Description of the task →
Without the pictures, retype each line below exactly as it stands.

---+---

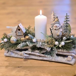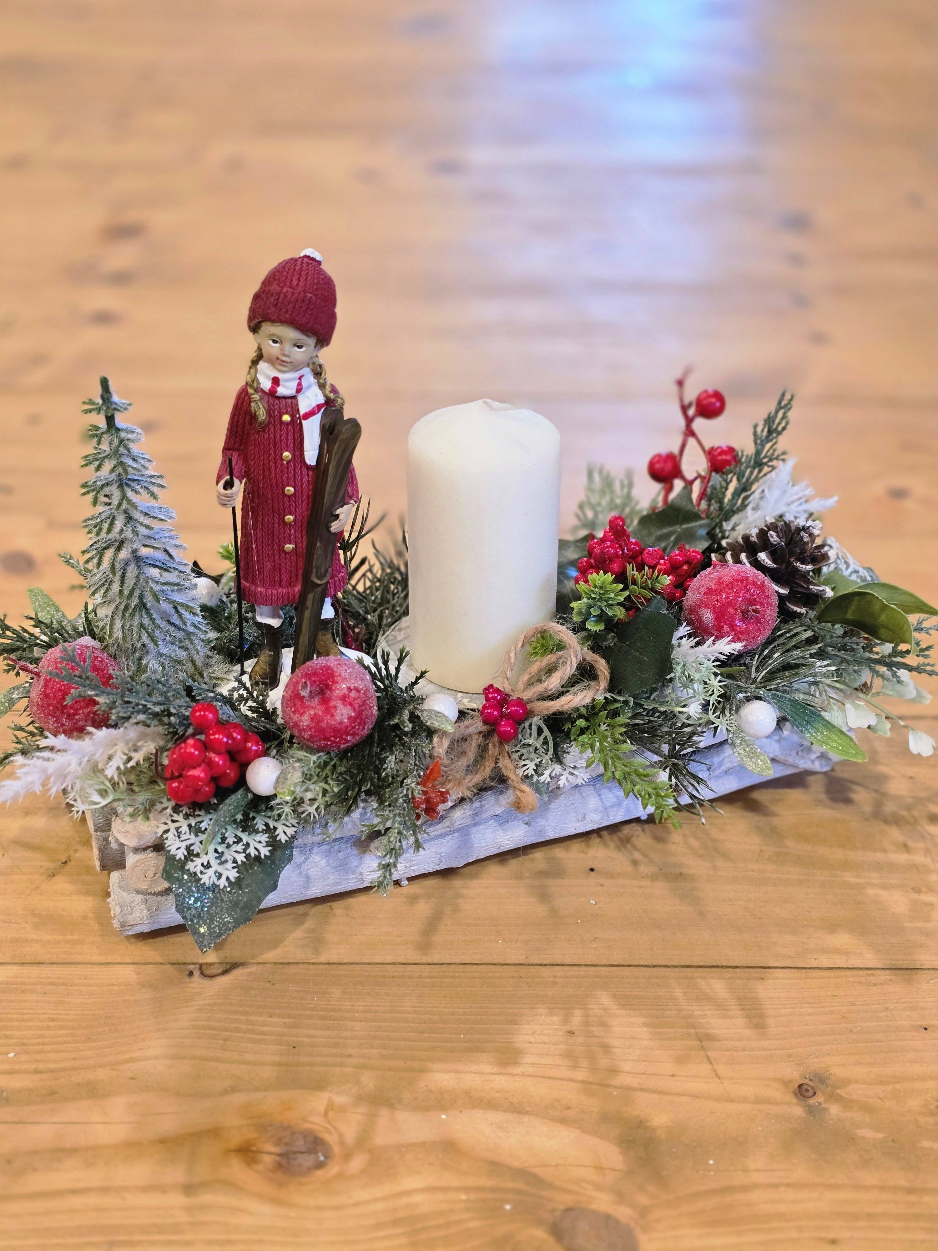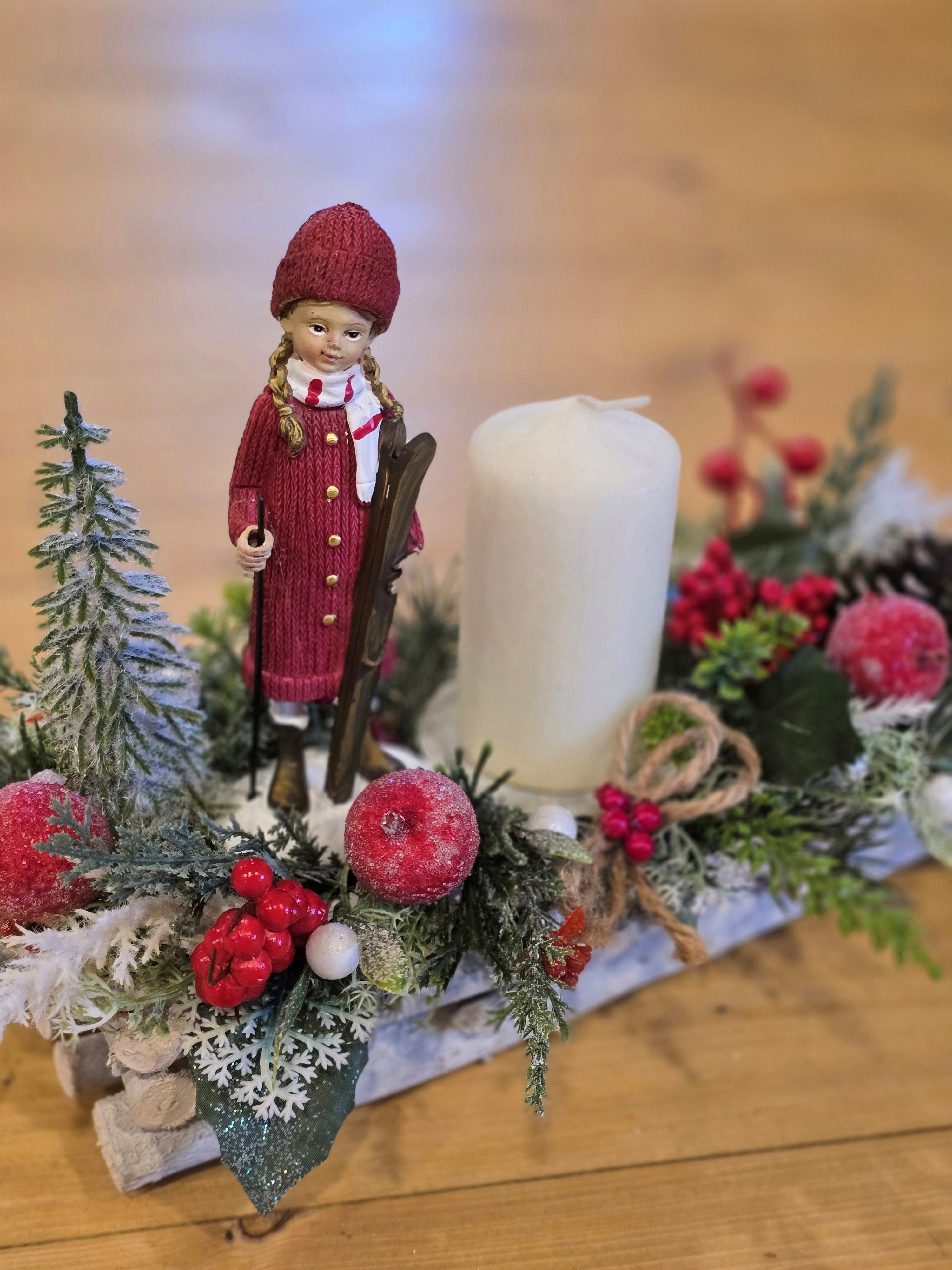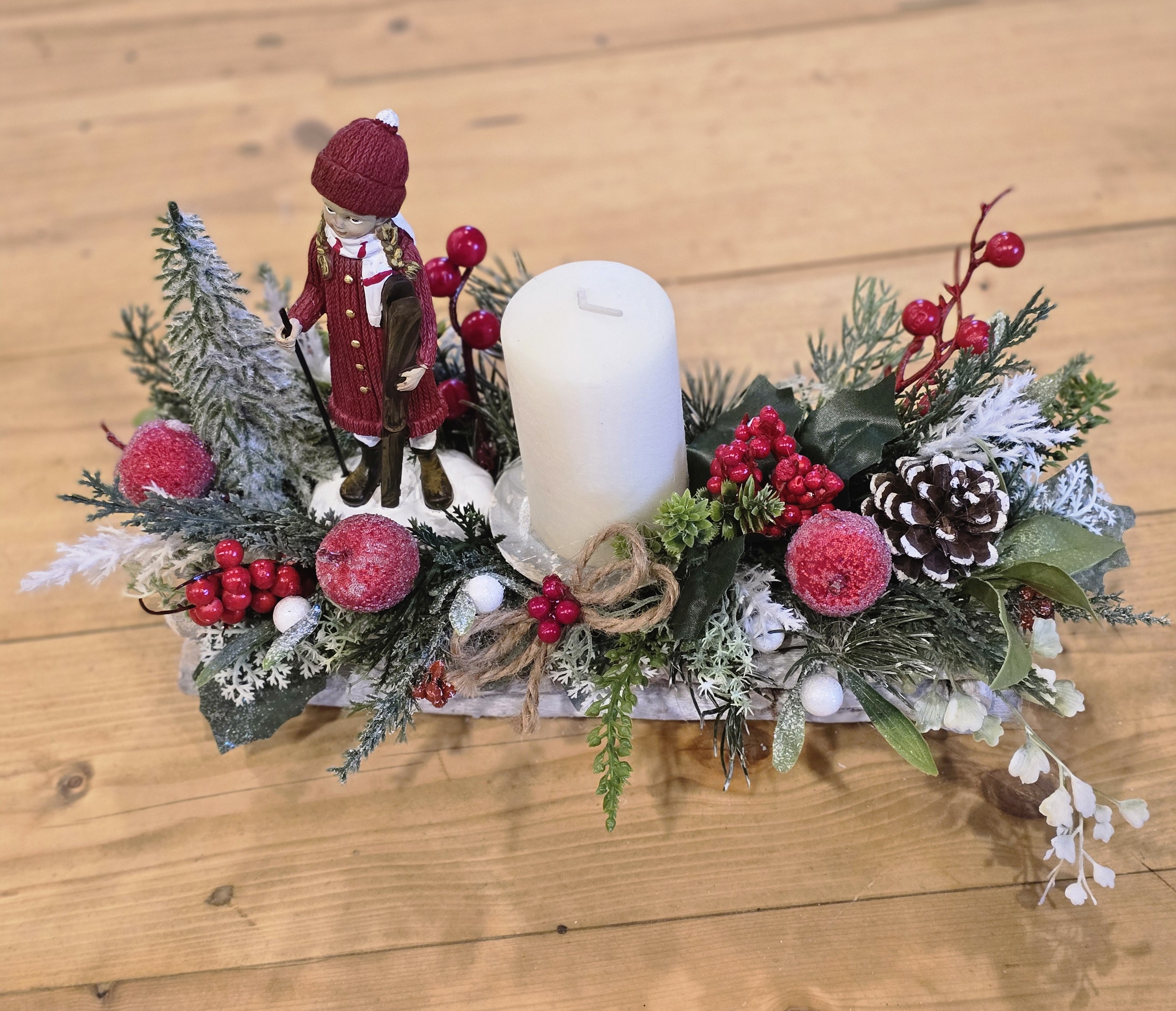 Tradičný ručne vyrábaný vianočný svietnik, ladený do červenej, zelenej a prírodnej farby, inšpirovanej klasickými Vianocami. Dominantou aranžmánu je biela sviečka, doplnená o zimnú postavičku v červenom kabátiku, prírodné ihličie, šišky, červené bobuľky a dekoratívne vianočné ozdoby.
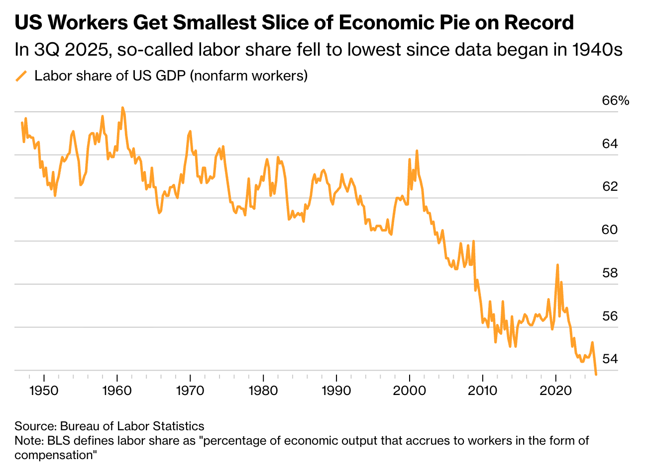 The BLS data on labor share already tells this story in slow motion. Labor’s share of GDP declined from roughly 64% in 1974 to 56% in 2024. A 50-year grind lower that happened slowly enough that it never produced a political crisis sufficient to reverse it. AI could accelerate that trend without producing the kind of dramatic rupture that forces institutional response.
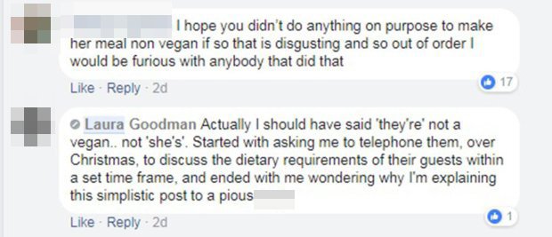 Goodman began to receive the negative comments, reviews, and threats when she boasted on Facebook that she had ‘spiked a vegan a few hours ago’.
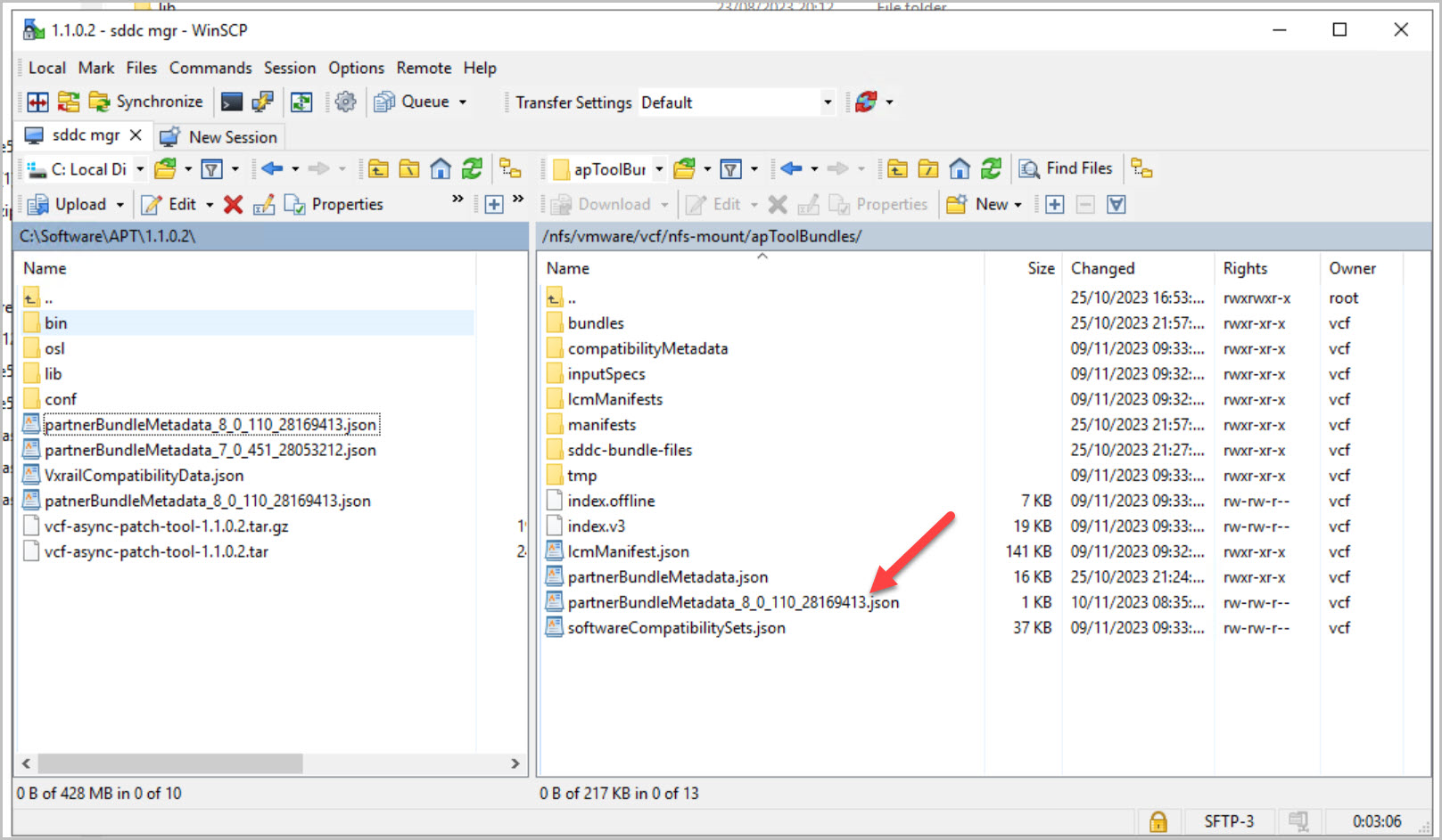 cd /home/vcf/asyncPatchToolls -alhtar -xvf vcf-async-patch-tool-1.1.0.2.tar.gzchmod -R 755 /home/vcf/asyncPatchToolchown -R vcf:vcf /home/vcf/asyncPatchToolls -laNext navigate to the /bin directory where the APT is located and list the available patches to gather the required details for enabling the vCenter patch:
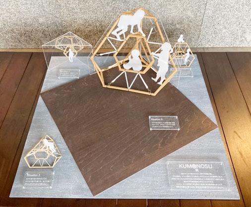 このたびの「第1回建築模型コンテスト」では、“子どものためのジャングルジム”をテーマとする建築模型を募集、全国から45点のご応募があり一時選考で8点に絞られ、お客様の人気投票と審査員による審査を経て受賞作が選出されました。最優秀賞作には、「KUMONOSU」が、優秀作には、「REGRESSION」、「ねじれてつながる」、「SUBAKO」、「紡ぐ -life cycle jungle gym-」、「無題」、「子供の棲家」、「WA」が選出されました。審査委員である東京工業大学特定教授の金箱温春氏は「同じものを異なる使い方、ぶら下がることもでき、伏せた置き方にして登ることもできる、パーツを組み替えて、ブランコにすることもできるといったように、豊富なバリエーションが可能なことが評価できます」と評しています。
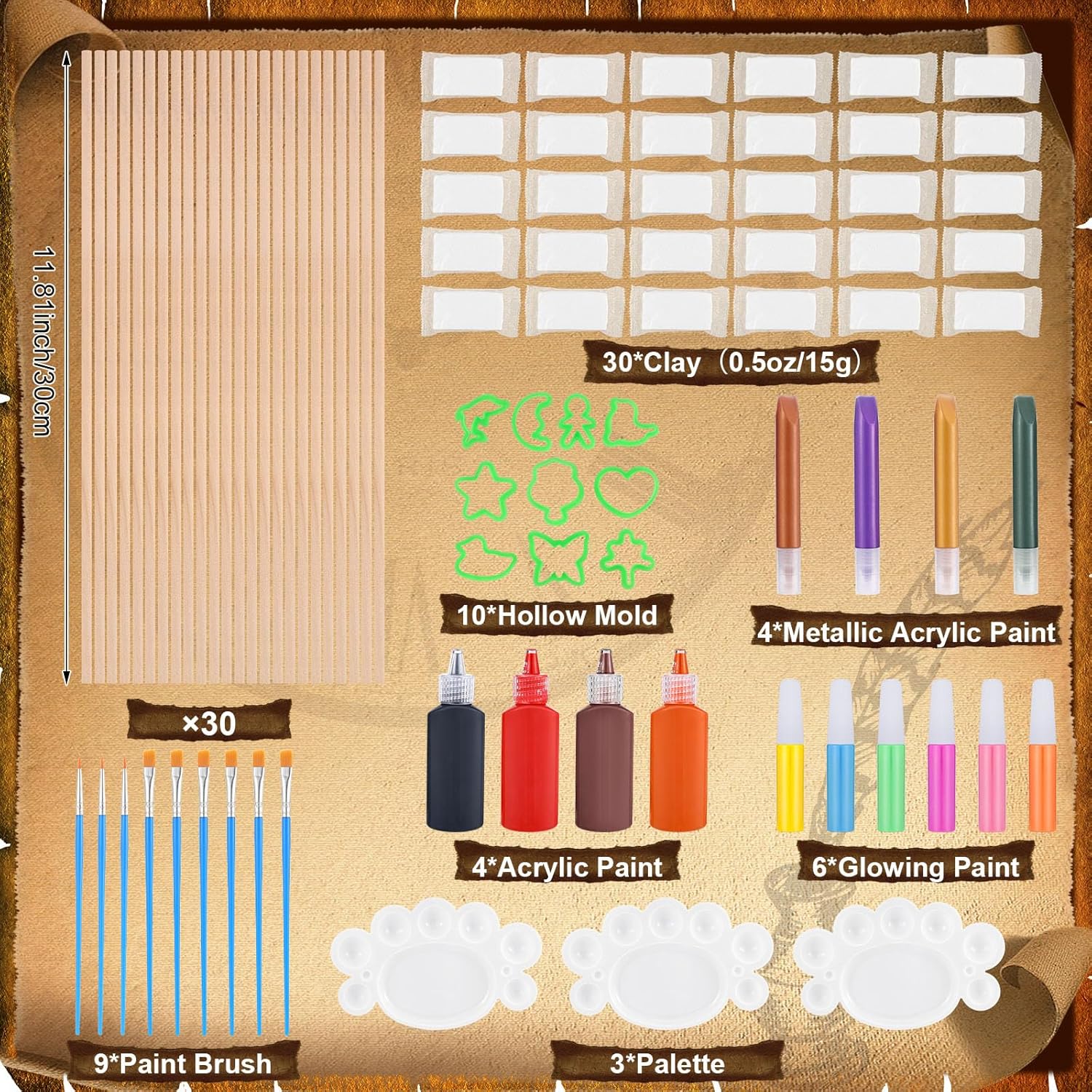 84 PCS Wizard Magic Wand Making Kit DIY Art Craft Set for Kids Make Your Own Wands for Gift, School Activities, Wizard Cosplay Masquerade, Halloween Party Favors, Student Rewards Features: Luminous Wand: Our magic wand kit set includes six specially glow paints, enabling you to release your creativity when making wands, these paints give off a bewitching luminescence in the dark, lending a distinctive and enigmatic allure to your magical wands. Preferred For Parties: Creating wizard wand kit is an excellent choice for various activities, such as parent-child bonding, birthday parties, themed events, or school activities; you can craft your favorite wand shapes with the children and paint them in your preferred colors, get ready to make the perfect wands that are uniquely yours. Color: colorful Material: wand Size: as pictures shown Package includes: 24 x wooden craft wands 24 x 0.5-ounce white light clay 6 x glow paints 4 x acrylic paints 4 x metallic acrylic paints 6 x flat-tipped brushes 3 x pointed brushes 3 x paint palettes Note: The colors may exist slight difference due to different screens. Manual measurement, please allow slight errors on size.
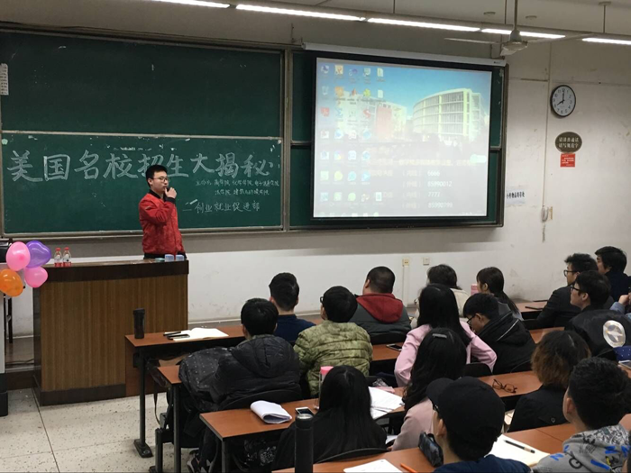 、建筑与环境学院、法学院、商学院五个学院的团委学生会创业就业促进部联合举办的美国名校招生大揭秘讲座在a漫
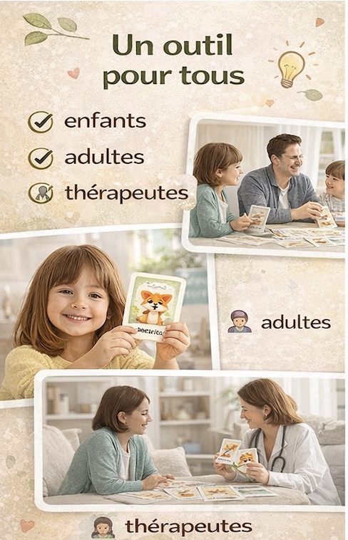 Ces cartes illustrées sont adaptées aux enfants comme aux adultes et peuvent être utilisées en famille, à l’école ou en accompagnement thérapeutique.
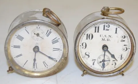 1.) Waterbury with paper dial and seconds bit, marked Ansonia and U.S.N. M.D., patented 1918. 2.) New Haven with marked paper dial, beveled glass. 3.)...
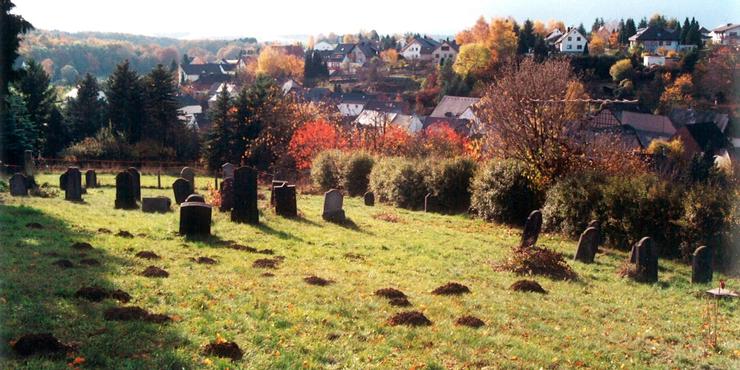 "Als noch sichtbares Zeichen der früheren jüdischen Gemeinde liegt noch heute der jüdische Friedhof über dem Dorf", erklärt Volker Bayer von den Natur- und Heimatfreunden Weyer. Auf dem 1110 Quadratmeter großen Totenacker befänden sich heute noch 58 Grabsteine. "Die letzte erkennbare Belegung fand 1938 statt, das älteste Grab ist das von Ester Riwka von 1841", sagt Bayer.
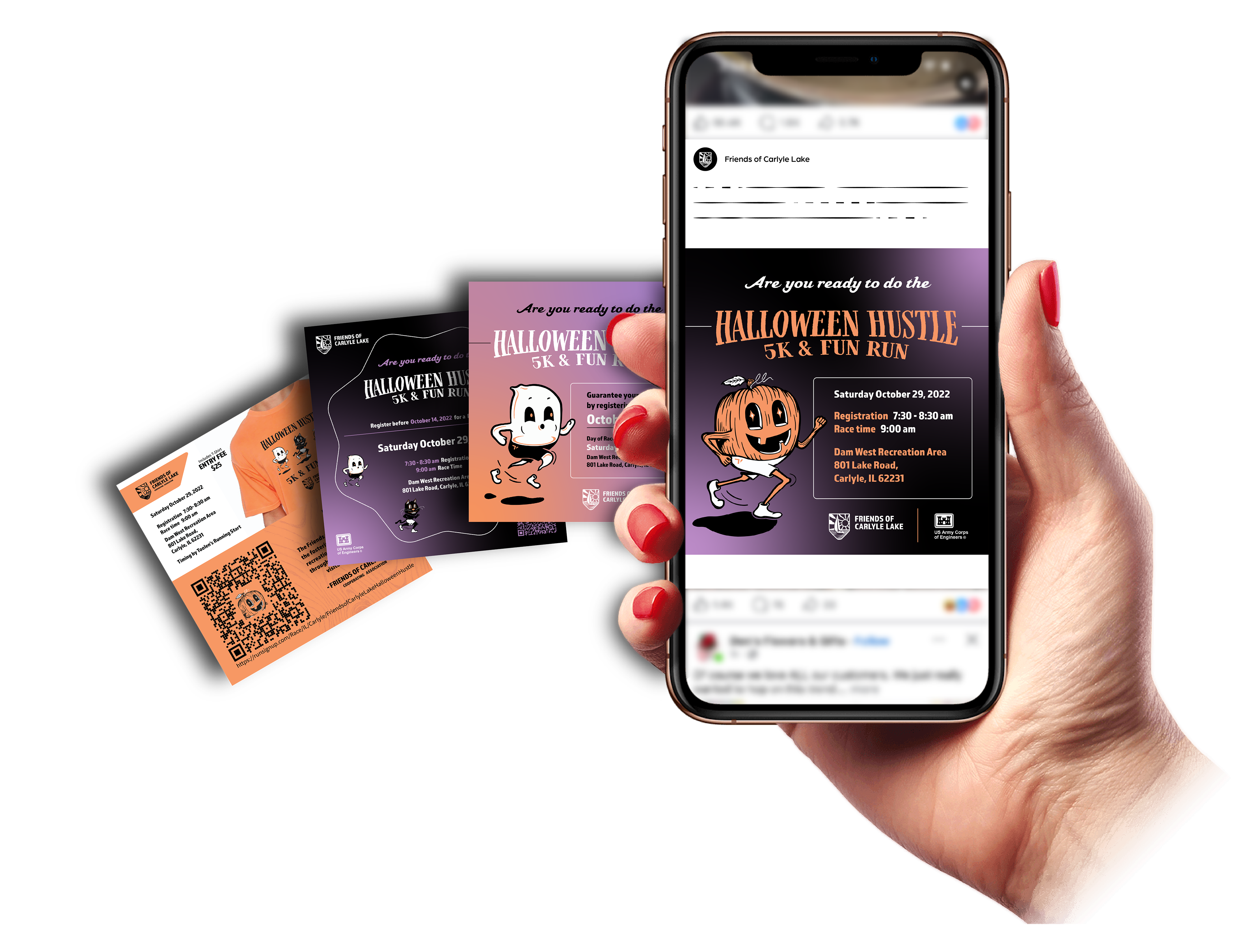 Custom illustrations were created of a few fun halloween themed characters to align with younger audiences and families near the community.

---+---

Worked solution →
 Tradičný ručne vyrábaný vianočný svietnik, ladený do červenej, zelenej a prírodnej farby, inšpirovanej klasickými Vianocami. Dominantou aranžmánu je biela sviečka, doplnená o zimnú postavičku v červenom kabátiku, prírodné ihličie, šišky, červené bobuľky a dekoratívne vianočné ozdoby.
 The BLS data on labor share already tells this story in slow motion. Labor’s share of GDP declined from roughly 64% in 1974 to 56% in 2024. A 50-year grind lower that happened slowly enough that it never produced a political crisis sufficient to reverse it. AI could accelerate that trend without producing the kind of dramatic rupture that forces institutional response.
 Goodman began to receive the negative comments, reviews, and threats when she boasted on Facebook that she had ‘spiked a vegan a few hours ago’.
 cd /home/vcf/asyncPatchToolls -alhtar -xvf vcf-async-patch-tool-1.1.0.2.tar.gzchmod -R 755 /home/vcf/asyncPatchToolchown -R vcf:vcf /home/vcf/asyncPatchToolls -laNext navigate to the /bin directory where the APT is located and list the available patches to gather the required details for enabling the vCenter patch:
 このたびの「第1回建築模型コンテスト」では、“子どものためのジャングルジム”をテーマとする建築模型を募集、全国から45点のご応募があり一時選考で8点に絞られ、お客様の人気投票と審査員による審査を経て受賞作が選出されました。最優秀賞作には、「KUMONOSU」が、優秀作には、「REGRESSION」、「ねじれてつながる」、「SUBAKO」、「紡ぐ -life cycle jungle gym-」、「無題」、「子供の棲家」、「WA」が選出されました。審査委員である東京工業大学特定教授の金箱温春氏は「同じものを異なる使い方、ぶら下がることもでき、伏せた置き方にして登ることもできる、パーツを組み替えて、ブランコにすることもできるといったように、豊富なバリエーションが可能なことが評価できます」と評しています。
 84 PCS Wizard Magic Wand Making Kit DIY Art Craft Set for Kids Make Your Own Wands for Gift, School Activities, Wizard Cosplay Masquerade, Halloween Party Favors, Student Rewards Features: Luminous Wand: Our magic wand kit set includes six specially glow paints, enabling you to release your creativity when making wands, these paints give off a bewitching luminescence in the dark, lending a distinctive and enigmatic allure to your magical wands. Preferred For Parties: Creating wizard wand kit is an excellent choice for various activities, such as parent-child bonding, birthday parties, themed events, or school activities; you can craft your favorite wand shapes with the children and paint them in your preferred colors, get ready to make the perfect wands that are uniquely yours. Color: colorful Material: wand Size: as pictures shown Package includes: 24 x wooden craft wands 24 x 0.5-ounce white light clay 6 x glow paints 4 x acrylic paints 4 x metallic acrylic paints 6 x flat-tipped brushes 3 x pointed brushes 3 x paint palettes Note: The colors may exist slight difference due to different screens. Manual measurement, please allow slight errors on size.
 、建筑与环境学院、法学院、商学院五个学院的团委学生会创业就业促进部联合举办的美国名校招生大揭秘讲座在a漫
 Ces cartes illustrées sont adaptées aux enfants comme aux adultes et peuvent être utilisées en famille, à l’école ou en accompagnement thérapeutique.
 1.) Waterbury with paper dial and seconds bit, marked Ansonia and U.S.N. M.D., patented 1918. 2.) New Haven with marked paper dial, beveled glass. 3.)...
 "Als noch sichtbares Zeichen der früheren jüdischen Gemeinde liegt noch heute der jüdische Friedhof über dem Dorf", erklärt Volker Bayer von den Natur- und Heimatfreunden Weyer. Auf dem 1110 Quadratmeter großen Totenacker befänden sich heute noch 58 Grabsteine. "Die letzte erkennbare Belegung fand 1938 statt, das älteste Grab ist das von Ester Riwka von 1841", sagt Bayer.
 Custom illustrations were created of a few fun halloween themed characters to align with younger audiences and families near the community.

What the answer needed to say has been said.